The story of Speedy Express should have been more explosive than Seymour Hersh’s expose of My Lai, but it wasn’t. Buckley and Shimkin’s original 4,700-word draft was whittled down to 1,800 words. The lost material included the final paragraphs from their original draft, which closed with a series of questions they had posed to the US military that went unanswered–and a challenge:

“The facts which are readily available suggest answers to many of Newsweek’s questions. And the answers suggest that ‘Speedy Express’ was a success at a criminal price. [MACV] said that if Newsweek could provide information to indicate civilians were killed in large numbers ‘the command would like the opportunity to follow up on it.’ It has that opportunity now.”

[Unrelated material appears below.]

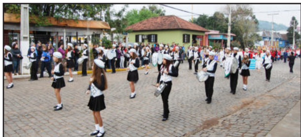
Em 2010, mais de 1.500 pessoas desfilaram pelas ruas de Paverama

Mais de 1.500 integrantes de 14 entidades participaram do desfile em 2010 e espera-se um número ainda mais expressivo para 2011.

Pacification’s Deadly Price,” was devastated by editing that excised much of Buckley and Shimkin’s reporting, including an entire sidebar of Vietnamese witnesses. In the end, military officials were never pressed on the findings of the investigation and were able to ride out the minor flurry of interest it generated. Had the Army been called to account; had a major official investigation, akin to the Peers Commission that unraveled the details of the My Lai massacre, been carried out; had the claims of the Concerned Sergeant, the Speedy Express whistleblower, surfaced in the process; the story of Speedy Express might have transformed how the American way of warfare was understood.

That never happened.

John Paul Vann, a retired Army lieutenant colonel who became a high-ranking civilian official in Vietnam, ducked Buckley and Shimkin as they investigated Speedy Express, and he died in a helicopter crash days before their story was published. His Newsweek obituary, with a laudatory quote from Robert Komer, the former US pacification chief in Vietnam and deputy to MACV commander Gen. William Westmoreland, shared page two of the article. At Vann’s funeral, Komer delivered the eulogy, and Westmoreland, who had received a detailed letter from the Concerned Sergeant two years before, was a pallbearer.

About a month after Vann was buried, Alex Shimkin accidentally crossed North Vietnamese Army lines in Quang Tri Province. A July 24, 1972, report in Newsweek noted that a colleague saw him fall to the ground as grenades landed near him. He was, according to the article, the magazine’s “fourth major casualty in the war in Indochina.”

A week later, Newsweek published a letter by Robert Komer that critiqued “Pacification’s Deadly Price” on the grounds that Speedy Express was, in his eyes, “not part of the ‘pacification’ program,” as Buckley contended, while largely disregarding, in Komer’s words, “whatever the U.S. Ninth Division allegedly did.” Although it was well known that military and pacification efforts were inseparably linked, Komer accused the magazine of tying Speedy Express to such efforts “to get a striking headline,” and he even invoked Vann’s name to paint the piece as a “slur” on “American pacification workers.”

Buckley later told Knightley, “I pressed Newsweek to run a second piece. I wanted to expose the Pentagon’s defense and demolish [Komer’s letter]. But Newsweek refused to carry a second article and I was allowed only a tiny rebuttal to Komer.” Neither Buckley nor Newsweek knew that more than a year earlier, in April 1971, Komer had written a personal note to Vann about allegations of civilian slaughter by US helicopters in the Delta in which he confided that the reports sounded “all too true.” And in May 1971, Vann, who that month became the third most powerful American serving in Vietnam, responded that “literally hundreds of horrible examples have been documented by irate advisors, both military and civilian.” Needless to say, Komer never mentioned this in his letter to Newsweek.